Among the lines below, copy each one in which "الملكة" appears.

Records supplied =
*** Block opens ***
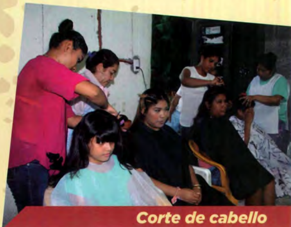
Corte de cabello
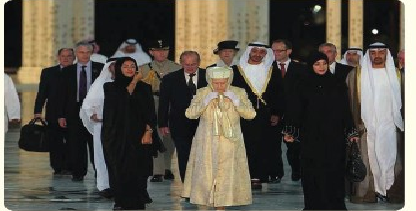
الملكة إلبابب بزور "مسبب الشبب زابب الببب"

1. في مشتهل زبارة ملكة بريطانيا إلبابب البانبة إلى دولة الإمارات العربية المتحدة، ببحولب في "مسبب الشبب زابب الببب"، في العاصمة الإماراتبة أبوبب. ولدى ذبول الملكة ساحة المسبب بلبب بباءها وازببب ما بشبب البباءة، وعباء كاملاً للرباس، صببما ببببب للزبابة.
*** Block closes ***
*** Block opens ***
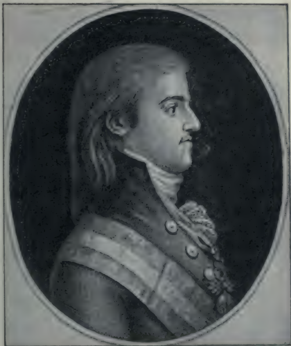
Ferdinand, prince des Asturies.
*** Block closes ***
*** Block opens ***
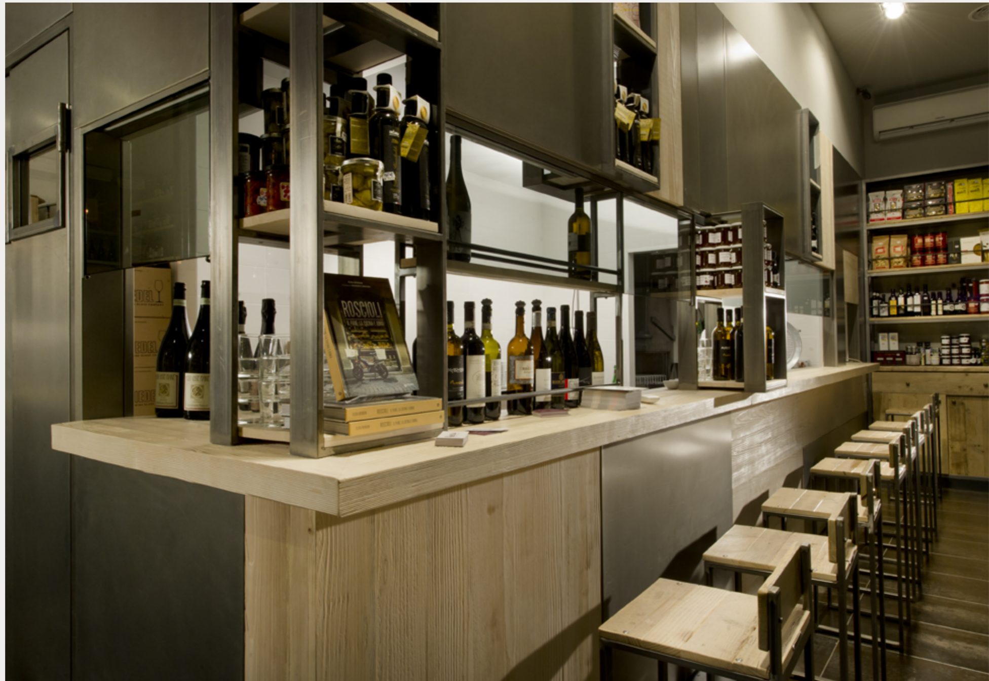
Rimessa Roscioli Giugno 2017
*** Block closes ***
Your solution =
الملكة إلبابب بزور "مسبب الشبب زابب الببب"
1. في مشتهل زبارة ملكة بريطانيا إلبابب البانبة إلى دولة الإمارات العربية المتحدة، ببحولب في "مسبب الشبب زابب الببب"، في العاصمة الإماراتبة أبوبب. ولدى ذبول الملكة ساحة المسبب بلبب بباءها وازببب ما بشبب البباءة، وعباء كاملاً للرباس، صببما ببببب للزبابة.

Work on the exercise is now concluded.